Mount Vernon High School (MVHS) is a high school in Mount Vernon, Washington, located at 1075 E Fulton St. The school was originally known as Mount Vernon Union High School.

It is noted for its music program, which has won numerous local awards. It has been pioneered by Omar Ordonez, Daisy Cardona-Kay, and Jacob Scherr.  www.mv-music.org.

Athletics

Gymnasium & Field House 

Built in 1951, the Mount Vernon High School gymnasium features original wooden bleachers and other classic architectural features.

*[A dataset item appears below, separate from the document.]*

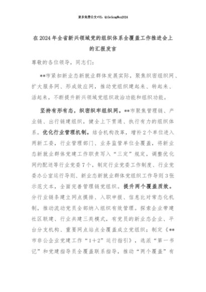 【七哥公文】2024年:在2024年全省新兴领域党的组织体系全覆盖工作推进会上的汇报发言+更多免费公文+VX:QiGeGongWen2024

In 2003 the MVHS gym was ranked first among twenty of the state's top high school gymnasiums by the Seattle Times. The story referred to it as "the gold standard of high-school gymnasiums" and "the Sistine Chapel of Washington gyms".

Basketball 

The Mount Vernon boys basketball team found major success under Mac Fraser, head coach from 1986–2001, who was elected into the Washington Interscholastic Basketball Coaches Association Hall of Fame in 2005.

The Bulldogs won consecutive WIAA Class 3A state titles in 1991 and 1992 lead by future NBA player Mark Hendrickson. In 2000 the Bulldogs lost in the state title game to Seattle Prep, but returned the next year to defeat Rainier Beach for the 2001 title. The Bulldogs were undefeated in 1991 and 2001.

Notable alumni 
 Lawrence Colburn, United States Army helicopter crew member who intervened to stop the Mỹ Lai massacre.
 Craig Kelly, pioneer snowboarder.
 Ross Mathews, "Ross the Intern" on the Tonight Show, tv host and television personality.
 Chad Lindberg, film and television actor.
 Kyle Kendrick, MLB pitcher and 2008 World Series champion.
 Jim Caviezel, film and television actor.
 Mark Hendrickson, NBA player and MLB pitcher.
 Grant Leep, Head men's basketball coach at Seattle Pacific University.
 Cheryl Bentyne, singer with The Manhattan Transfer.

References

External links 
 

High schools in Skagit County, Washington
Public high schools in Washington (state)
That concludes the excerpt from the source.